__Aim of the exercise__.
Repeat the data in full. Drop every picture.

__Information shown__.
☆ ☆ ☆ ☆ ☆ ☆ ☆
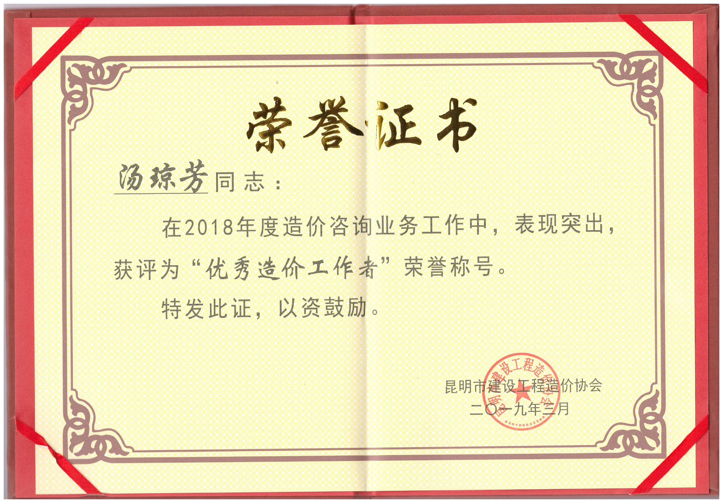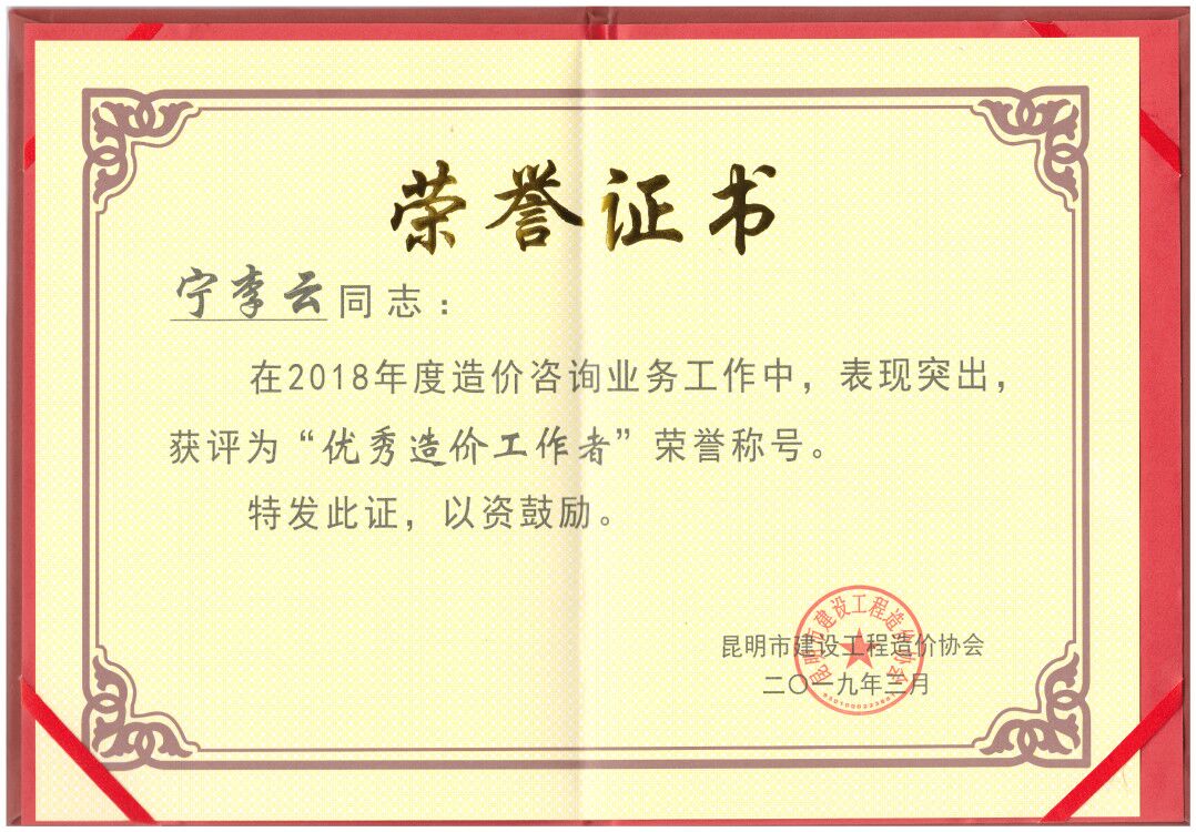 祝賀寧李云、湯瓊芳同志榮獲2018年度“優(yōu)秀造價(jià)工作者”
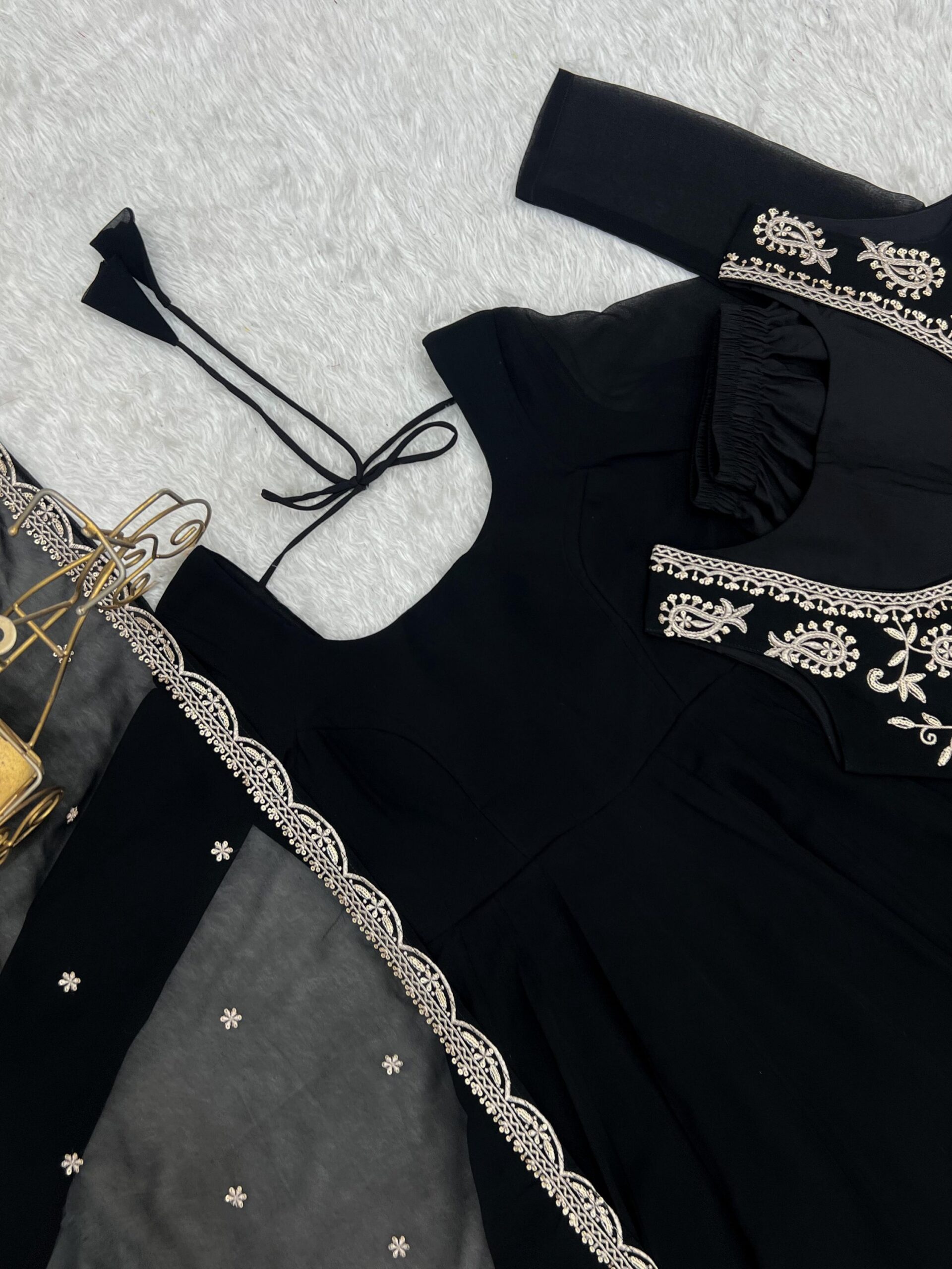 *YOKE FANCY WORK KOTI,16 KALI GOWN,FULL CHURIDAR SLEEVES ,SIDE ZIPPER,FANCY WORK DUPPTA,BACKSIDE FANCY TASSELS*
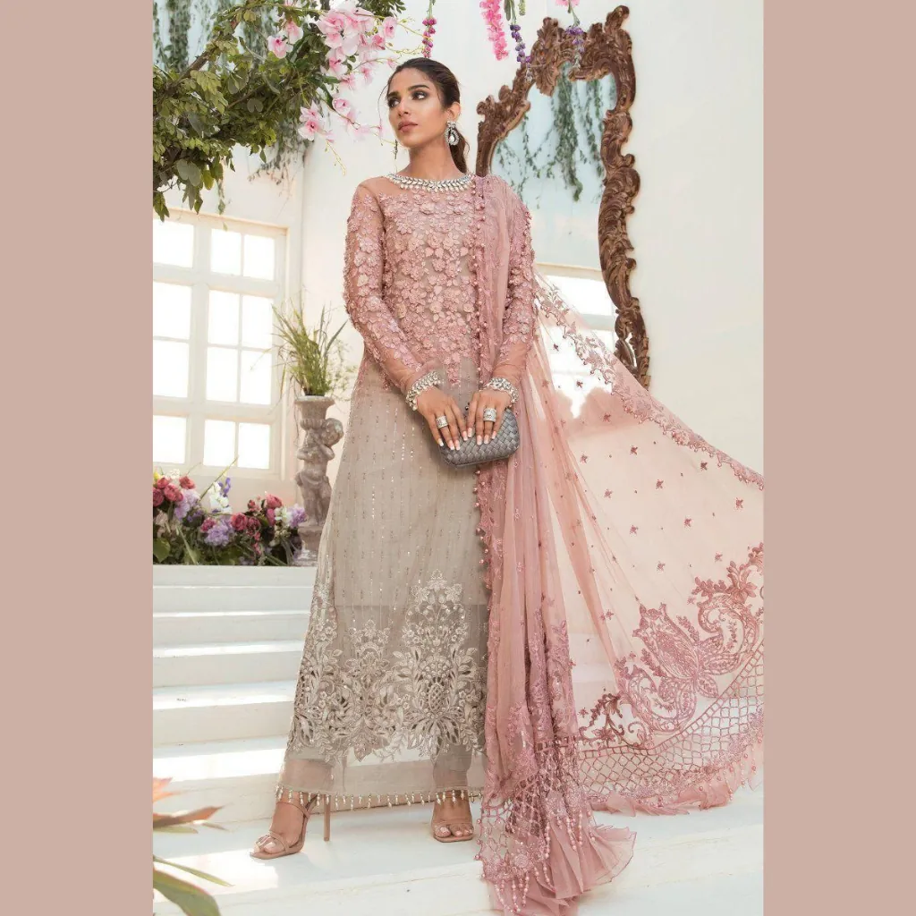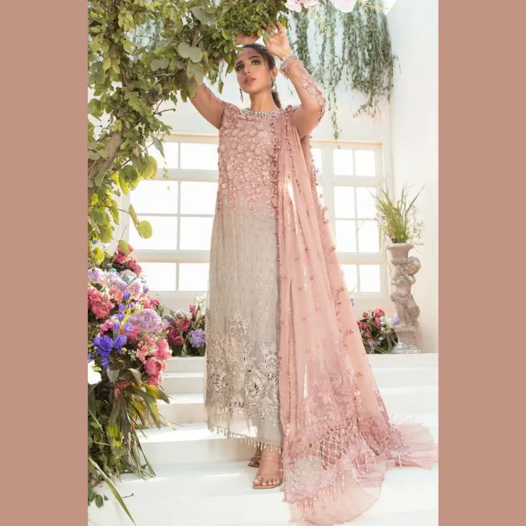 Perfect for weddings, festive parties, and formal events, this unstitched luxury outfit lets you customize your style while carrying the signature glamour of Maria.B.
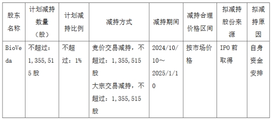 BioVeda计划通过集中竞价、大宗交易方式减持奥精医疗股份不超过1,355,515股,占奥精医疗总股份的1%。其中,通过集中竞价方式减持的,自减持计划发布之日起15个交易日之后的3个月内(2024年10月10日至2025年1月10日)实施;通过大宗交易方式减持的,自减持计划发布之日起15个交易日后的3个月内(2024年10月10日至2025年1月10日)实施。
☆ ☆ ☆ ☆ ☆ ☆ ☆
__Answer for the task__.
 祝賀寧李云、湯瓊芳同志榮獲2018年度“優(yōu)秀造價(jià)工作者”
 *YOKE FANCY WORK KOTI,16 KALI GOWN,FULL CHURIDAR SLEEVES ,SIDE ZIPPER,FANCY WORK DUPPTA,BACKSIDE FANCY TASSELS*
 Perfect for weddings, festive parties, and formal events, this unstitched luxury outfit lets you customize your style while carrying the signature glamour of Maria.B.
 BioVeda计划通过集中竞价、大宗交易方式减持奥精医疗股份不超过1,355,515股,占奥精医疗总股份的1%。其中,通过集中竞价方式减持的,自减持计划发布之日起15个交易日之后的3个月内(2024年10月10日至2025年1月10日)实施;通过大宗交易方式减持的,自减持计划发布之日起15个交易日后的3个月内(2024年10月10日至2025年1月10日)实施。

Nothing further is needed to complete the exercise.